Fracking: A Tale of Two Countries

Categories: Midd Blogosphere
Journalist Dimiter Kenarov ’04.5 speaks on shale gas fracking in Poland and Pennsylvania

Journalist Dimiter Kenarov ’03.5 speaks on shale gas fracking in Poland and Pennsylvania.

Journalist Dimiter Kenarov ’03.5 has covered the hunt for a Macedonian serial killer and Baghdad’s Explosive Ordnance Disposal training program (think “Hurt Locker”) but says of his current assignment, “It’s the hardest thing I’ve ever done.” The young Bulgarian writer, now a resident of Istanbul, returned to Middlebury recently to talk about the complexities of “Shale Gas: From Poland to Pennsylvania” at the Franklin Environmental Center at Hillcrest. The widely published Kenarov is partially supported in this project by the Pulitzer Center for Crisis Reporting, a clue to how combative the issue of drilling for this so-called “energy game changer” has become.
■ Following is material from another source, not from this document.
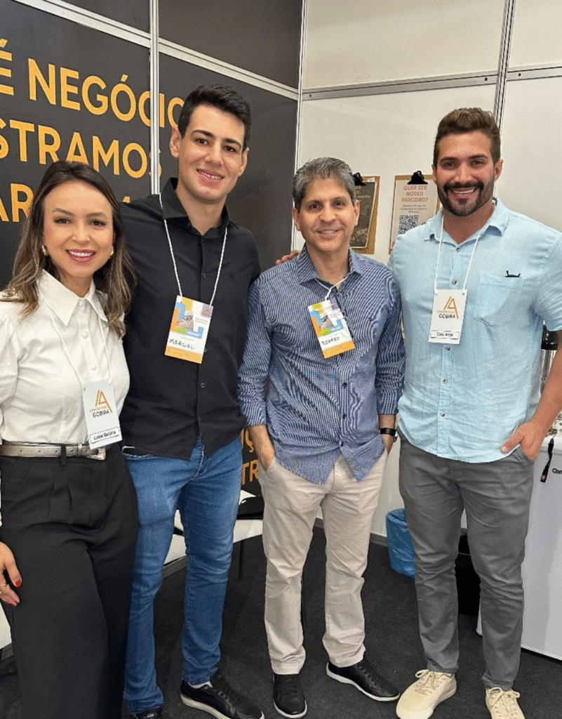 Aconteceu na última quinta-feira, a abertura da feira MinasCon. Na foto, a engenheira Laise Gobira, engenheiro Marçal, engenheiro Rodrigo Carvalho, e Caio Anjo.
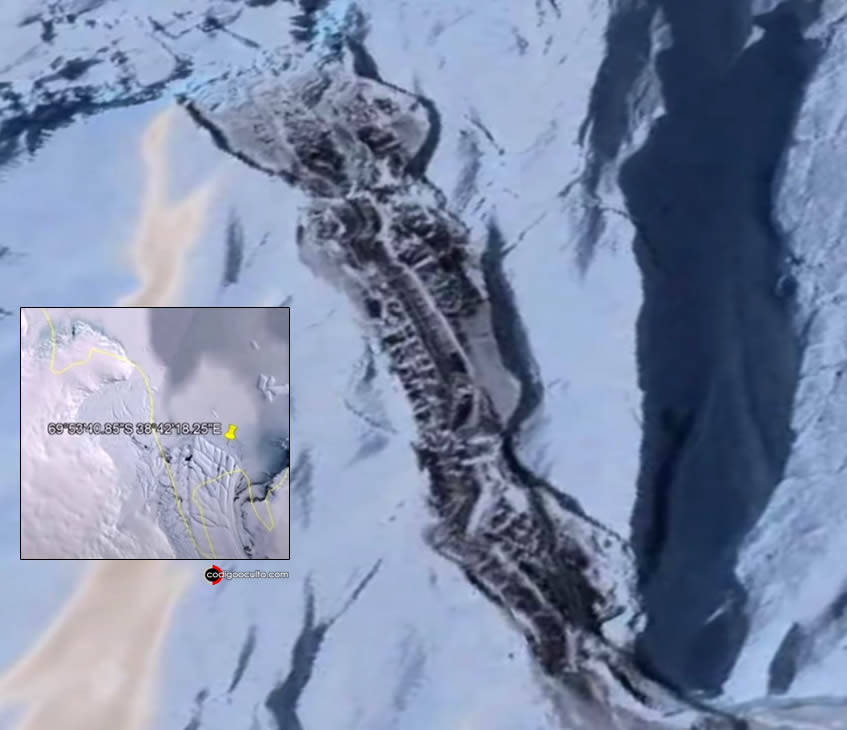 As seguintes são as coordenadas desse estranho achado até agora indecifrável. Coordenadas do Google Earth: 69°53’40.85″S 38°42’18.25″E.

The affable Kenarov began, at the audience’s request, with a brief presentation explaining what shale gas is and how drillers recover it from rock through hydraulic fracturing, or “fracking.” Small-scale shale gas drilling has gone on for years, but new horizontal drilling technology puts gas on the leading edge of the “unconventionals,” or fuels (tar sands, ultra deepwater oil, coalbed methane, etc.) being developed now that supplies of the world’s “cheap and easy” fossil fuels are waning. One benefit of shale gas, he noted, is that it’s found worldwide and doesn’t require expensive exploratory drilling.
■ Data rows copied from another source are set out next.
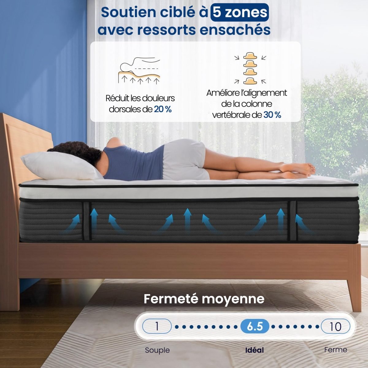 Conçu pour allier soutien précis, fraîcheur et durabilité, ce matelas hybride combine mousse à mémoire de forme et ressorts ensachés pour un sommeil réparateur et une excellente indépendance de couchage.
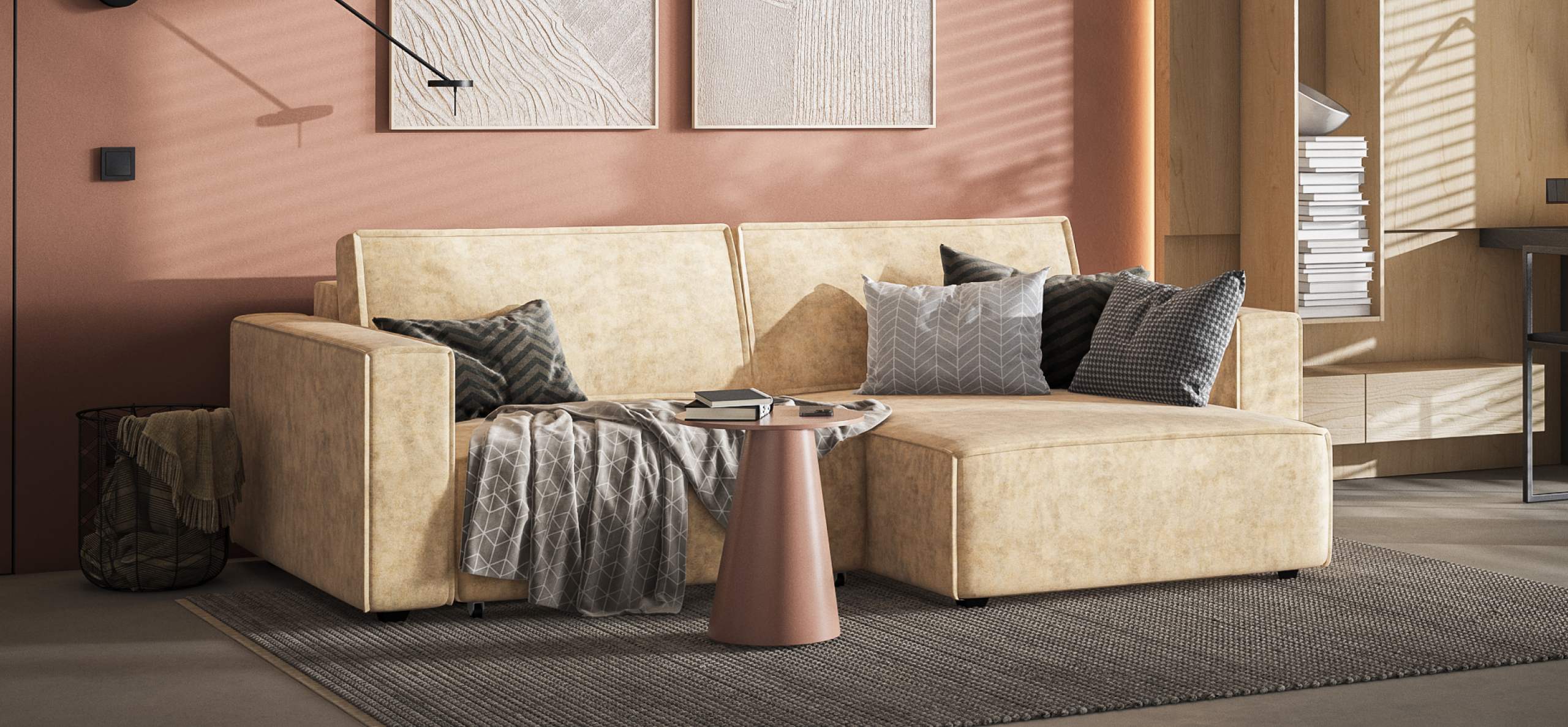 Простой и надежный механизм еврокнижка с легкостью превратит модульную систему в комфортное спальное место.
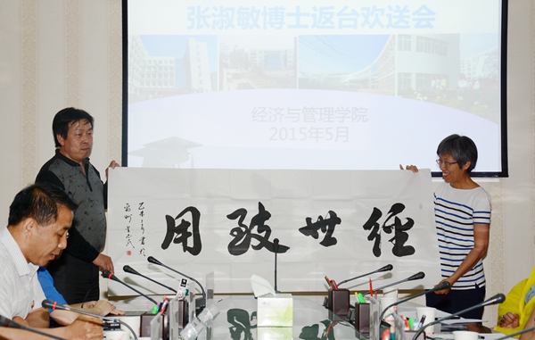 歡笑情如舊,相留畏曉鐘。臺(tái)灣南開科技大學(xué)張淑敏博士來我校訪學(xué)即將結(jié)束歸臺(tái),5月18日晚,學(xué)校為其舉辦歡送會(huì),并就臺(tái)灣南開科技大學(xué)師生來我校訪學(xué)作了階段性總結(jié)交流。副校長魏書堂出席活動(dòng)。發(fā)展規(guī)劃與合作交流處處長王新軍、學(xué)生處處長石啟英、教務(wù)處副處長張建芳、經(jīng)濟(jì)與管理學(xué)院黨政負(fù)責(zé)人及師生代表參加歡送會(huì)并作了交流發(fā)言。歡送會(huì)由經(jīng)濟(jì)與管理學(xué)院院長樊景博主持。
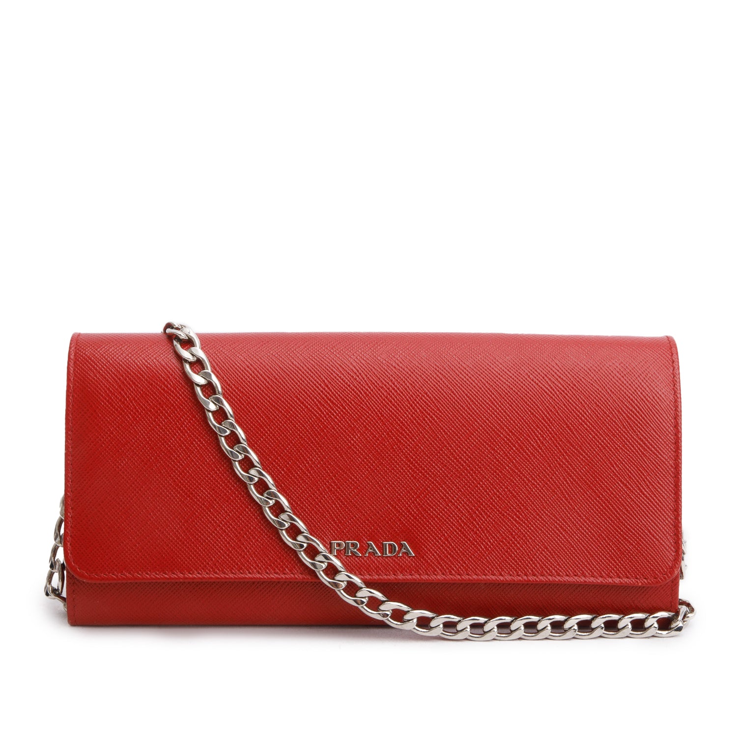 Red Saffiano Leather Chain Wallet
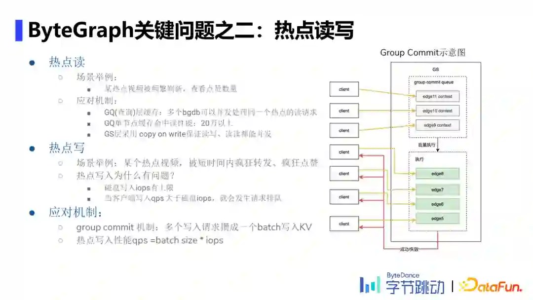 场景举例:某热点视频短时间内被疯狂转发、点赞。 问题溯源:单机cpu使用率被拉高,磁盘写入iops有上限,当客户端写入qps>磁盘iops时,就会发生请求排队。 应对机制:采用group commit机制,即将多个写入请求组合至一个batch写入KV,再批量返回,降低磁盘层iops的上限。
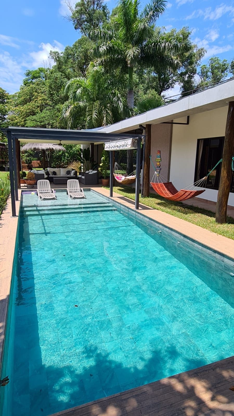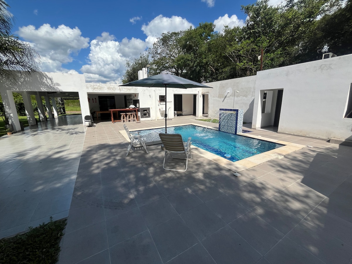 W pełni prywatny, przytulny domek w stylu cottage, aby uciec od miasta i zrelaksować się w otoczeniu połączonym z naturą, skierowany do tych, którzy lubią spokojne miejsca z wieloma zajęciami na świeżym powietrzu. 15 minut od centrum miasta Luque i 25 minut od międzynarodowego lotniska. Łatwy dostęp i sklepy z zaopatrzeniem w okolicy Będziesz mieć - w pełni wyposażona kuchnia - Boisko do piłki nożnej 5vs5 z naturalną trawą - 25-metrowe boisko do koszykówki – Basen o długości 12 m - Mały park rozrywki dla dzieci - Szybajt do pracy zdalnej
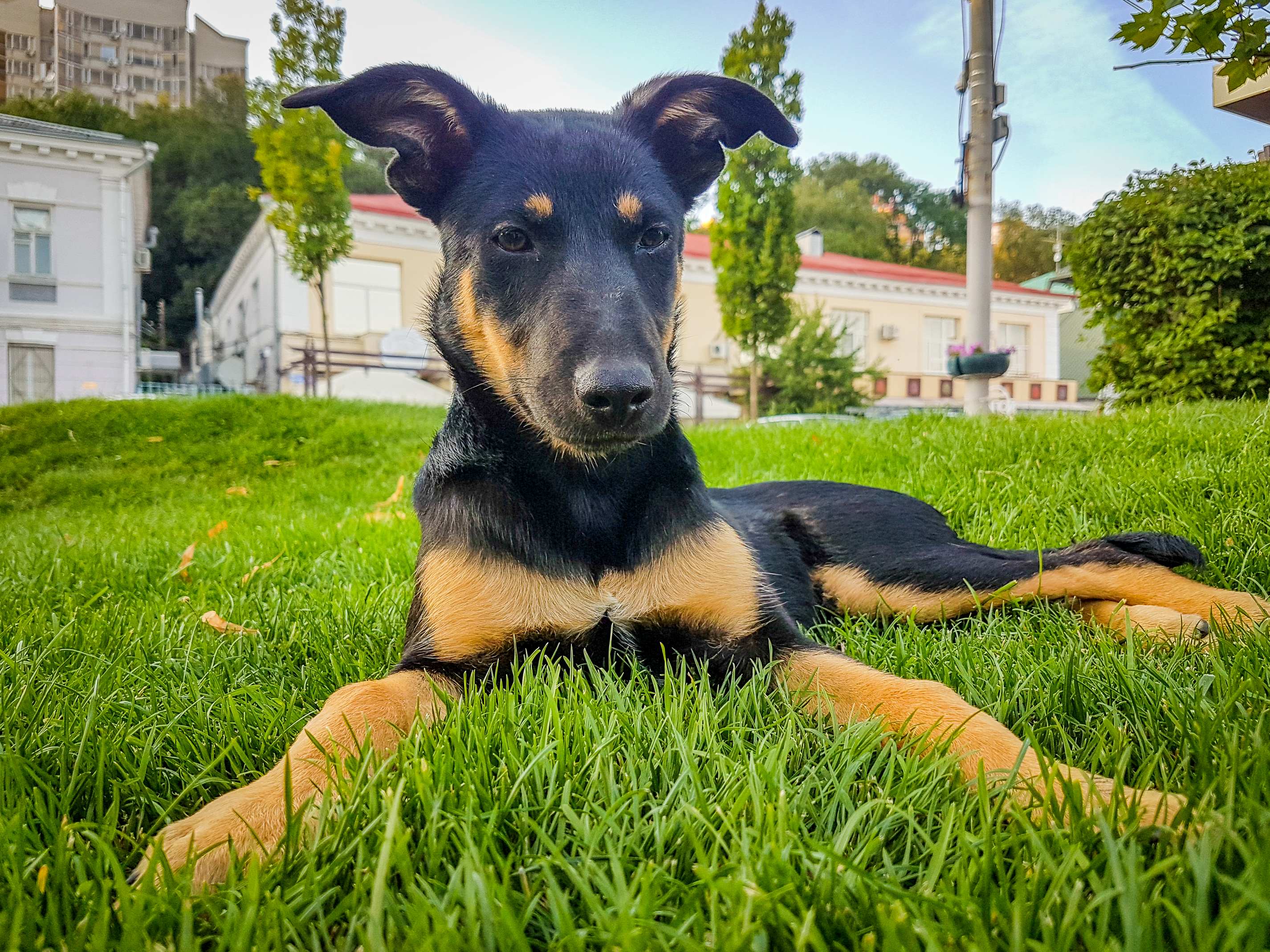 Этот очаровательный снимок запечатлел милого щенка, который расслабленно лежит на ярко-зеленой, густой траве. Солнечный свет мягко освещает его шерсть, подчеркивая контраст между темными и рыжими оттенками. Большие, выразительные уши щенка настороженно приподняты, а взгляд его умных глаз направлен прямо в камеру, создавая ощущение прямой связи со зрителем.

After Kenarov outlined some of the risks and costs, however, it was hard to understand why Poland was leading the shale gas charge in Europe and how the practice has already achieved such a foothold in the U.S. As Kenarov explained, horizontal fracking wells cover a large surface area. To force and keep open the shale fissures and release the gas within, drillers inject at high pressure from three to seven million gallons of fresh water per well, mixed with sand and toxic chemicals such as benzene and lead. Some of that water is then recovered as “flowback.” “Then what do you do with it?” Kenarov asked. Much of Pennsylvania’s flowback is sent for underground disposal to Ohio. “The water picks up 200 times the salts contained in seawater—in the Marcellus Shale [in the U.S. Northeast] it’s 3,000 times more,” he said. The water also carries as much as 1,000 times the safe drinking levels of radioactivity from its travels through the rock. Chemically tainted water from the wells can seep into underground aquifers; if pumped out and sent to standard water treatment plants, which are not equipped to decontaminate this flowback, the water seeps into rivers, water tables, and food chains.
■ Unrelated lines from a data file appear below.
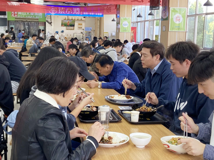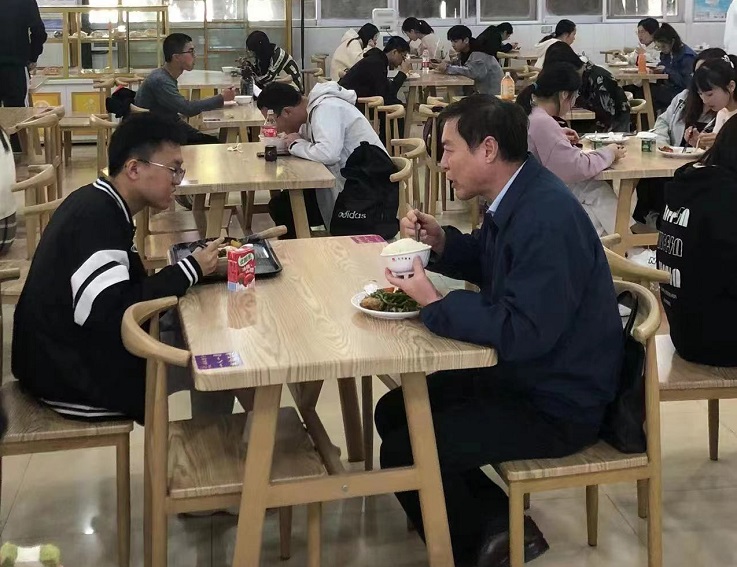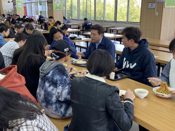 随后,黄显怀和环能学院创新创业、模拟联合国等协会负责同学一起排队取餐,在温馨融洽的氛围中和同学们共进午餐。黄显怀询问了同学们关于学习、生活、专业培养和社团活动等方面的情况,倾听学生们的困惑与问题,并就学校疫情防控各项措施向学生们进行了耐心讲解。同学们积极大胆地说出自己的想法,和校长亲切交谈。
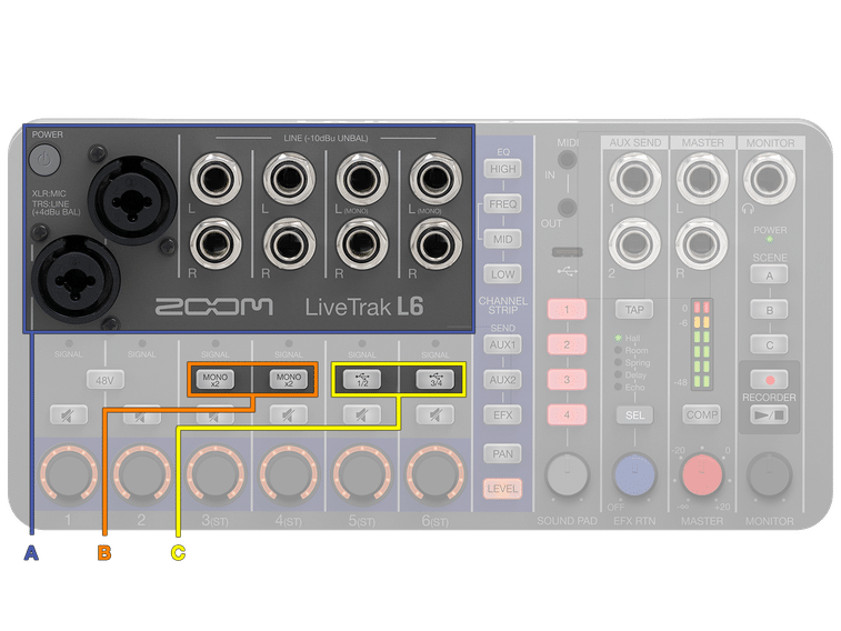Não se deixe enganar pelo tamanho. O L6 foi projetado com capacidades de mixer de grande porte: Cada faixa possui uma channel strip completa, incluindo envios auxiliares (aux sends), pan, efeitos e um EQ de 3 bandas com controle de médios ajustável.
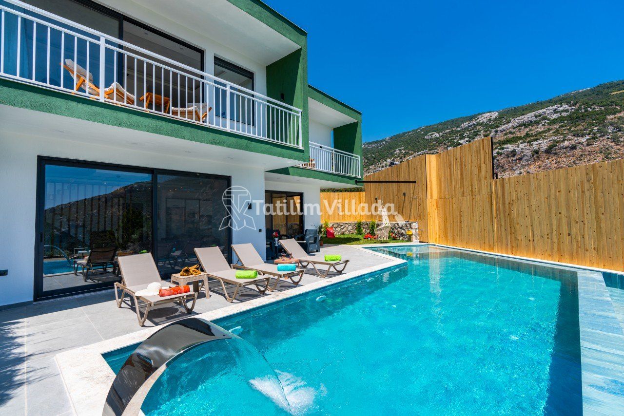 Villa Kızılkaya; Kalkan Akbel' de, 6 kişilik, ultra lüks ve modern, saunalı, jakuzili, mini sinema salonlu, çocuk havuzlu, muhafazakar balayı villasıdır.

Then there are the noise and air pollution of huge trucks needed to move water and drilling rigs; the methane released from the wells that cancels out natural gas’s comparatively modest carbon footprint; the quick decline of many of the wells, which prompts more drilling; and the pipelines extending for thousands of miles through previously scenic farmland.

In Poland, one word explains an enthusiasm countered by many other European countries’ fracking moratoriums: Russia. Poland’s longtime nemesis provides two thirds of Poland’s natural gas, and while gas comprises only 13 percent of Poland’s energy mix, many Poles want to make sure it’s “Polish gas.” The writer noted that only eight percent of Europeans overall support shale gas, but any Pole questioning gas development is branded a “national traitor” supporting Russian interests. Despite the U.S. State Department’s technical support for fracking in Poland, and the fact that the state, not farmers, owns subsurface mineral rights, “Poland doesn’t have the infrastructure,” Kenarov said. “The economy of scale doesn’t exist in one small country.” In response, Exxon has withdrawn its interests.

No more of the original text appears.